DESCRIPTION (provided by applicant): The extraocular muscles (EOM) are highly specialized muscles that affect a wide range of motions from the slow vestibulo-ocular reflexes to the rapid saccadic movements. The demands on them are constant, and the responses must be precise. Because the demands on these muscles are distinct from those on other skeletal muscles, it is not surprising that the detailed properties of EOMs are different from those of other muscles. What is surprising - and most important - is that the EOMs have differential sensitivity to certain diseases. EOMs have an increased involvement in disorders such as myasthenia gravis, Grave's disease and mitochondrial myopathies. Enigmatically, they are spared in Duchenne muscular dystrophy, despite the widespread involvement of all other skeletal muscle groups. While it is currently unclear why EOM are selectively involved or spared in different diseases, it has been hypothesized that EOM are a unique set of skeletal muscles and that their 'group-specific' properties play a role in their unique patho-physiology. Consistent with this hypothesis, certain genes (e.g. EOM-specific myosin, certain ACHR subunits) are differentially expressed in EOM compared to other skeletal muscles. This has been confirmed in our laboratory by gene expression profiling comparing EOMs and limb muscles over a small part of the transcriptome. Our central thesis is that EOMs are fundamentally different from other skeletal muscles in their gene expression profile; and that we can trace their unique properties and disease susceptibilities to specific and unique patterns of gene expression. To test these hypotheses we propose: (a) to use gene expression profiling to extend the comparison between EOMs and limb muscles to the entire transcriptome; i.e. beyond the one-third that we have already finished; (b) to use a variety of immunological, molecular, and biochemical methods to validate results of expression profiling and resolve inadequacies and disparities among previous studies; (c) to examine the ability of satellite cells to maintain growth and regeneration in normal mice, in mdx mice, in mdx mice treated with anti myostatin, and in mdx/MyoD knockout mice. This latter set of experiments should validate a major discovery from our previous profiling: that increased regenerative potential is a source of EOM resistance to DMD.
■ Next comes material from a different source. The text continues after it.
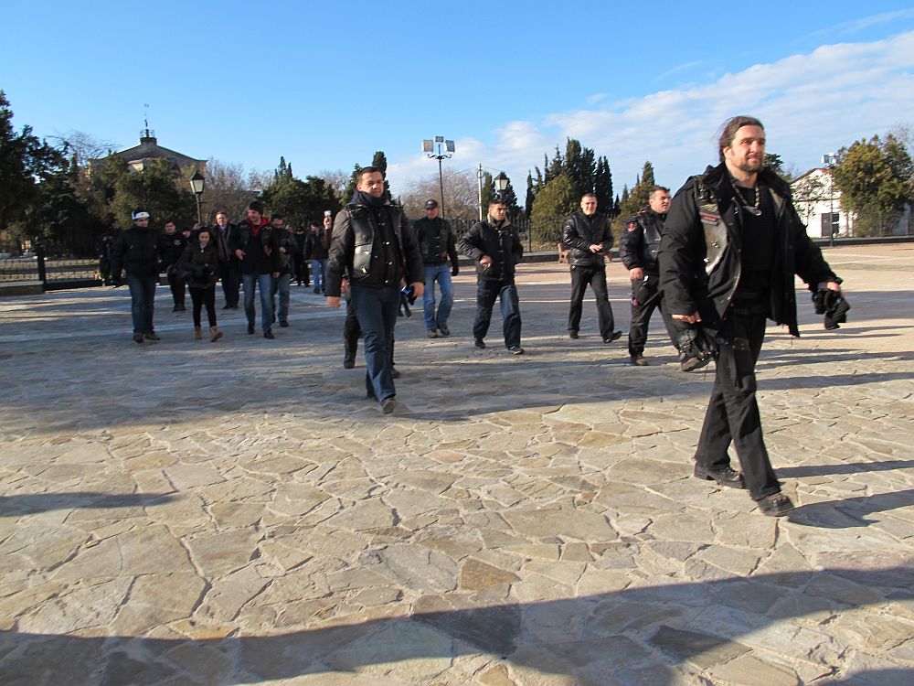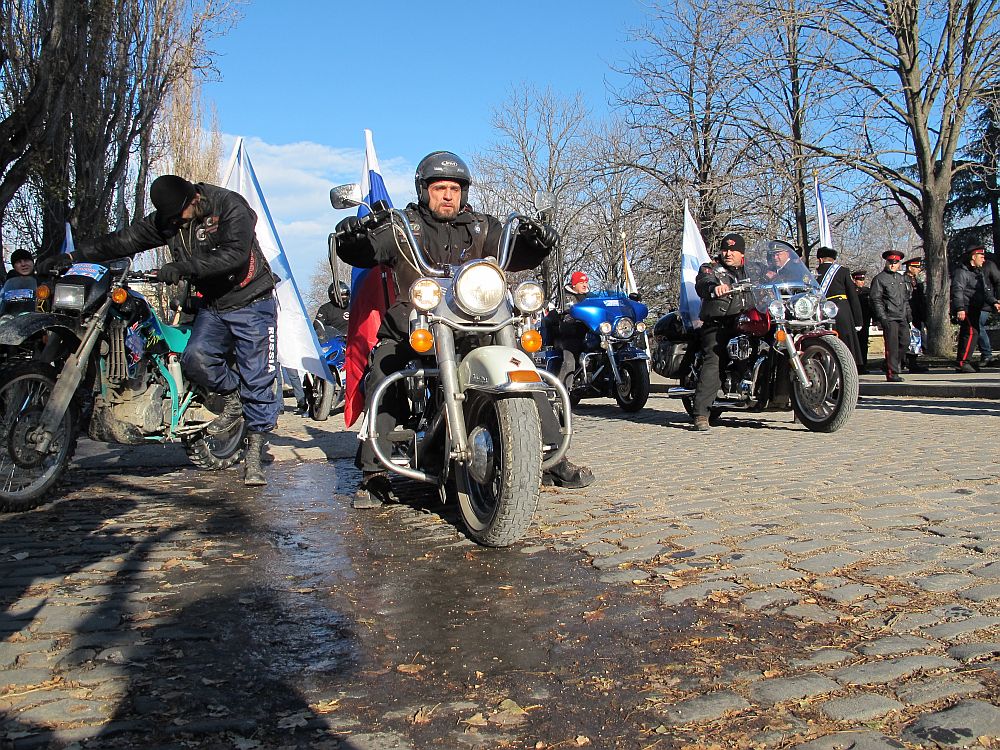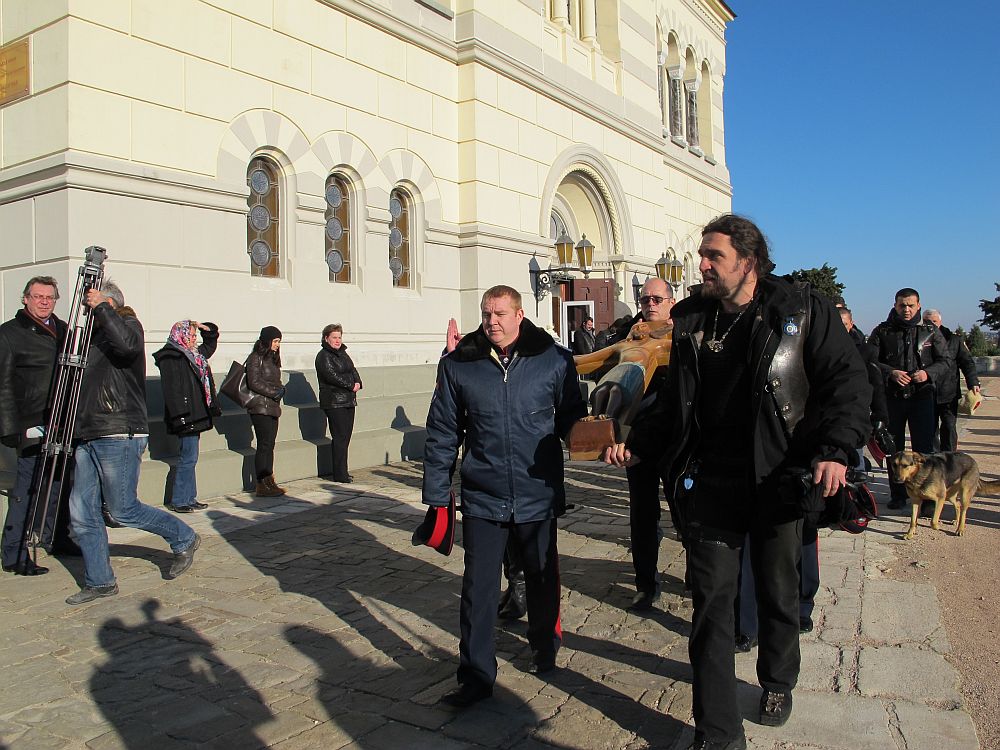 «Ночные волки» любят Севастополь, и принесение копии Годеновского креста без их участия не обошлось. Их не было видно на литургии, но за пять минут до начала крестного хода на двор херсонесского собора уверенно вошел Хирург (Александр Залдостанов) с товарищами и журналистами, и вскоре святыня оказалась на машине, а следом двинулась кавалькада брутальных мужчин с наколками и в куртках с клепками. На каждом байке развевался Андреевский флаг, и полотнища буквально светились на солнце. От одного Владимирского собора до другого, от Херсонеса до Центрального холма — от силы 15 минут езды, и это довольно динамичный и зрелищный вариант крестного «езда».

描述（由申请人提供）：眼外肌（EOM）是高度专业化的肌肉，影响从缓慢的前庭-眼反射到快速的跳眼运动的广泛运动。对他们的要求是不变的，回应必须是精确的。由于对这些肌肉的需求不同于其他骨骼肌，因此EOMs的详细特性与其他肌肉不同也就不足为奇了。令人惊讶的是——也是最重要的是——eom对某些疾病的敏感度不同。eom在重症肌无力、格雷夫斯病和线粒体肌病等疾病中的作用越来越大。令人费解的是，它们在杜氏肌营养不良症中幸免，尽管所有其他骨骼肌群都广泛参与。虽然目前尚不清楚为什么EOM选择性地参与或不参与不同的疾病，但已经假设EOM是一组独特的骨骼肌，并且它们的“群体特异性”特性在其独特的病理生理学中发挥作用。与这一假设相一致的是，与其他骨骼肌相比，某些基因（例如EOM特异性肌球蛋白，某些ACHR亚基）在EOM中表达差异。我们的实验室通过比较EOMs和肢体肌肉的一小部分转录组的基因表达谱证实了这一点。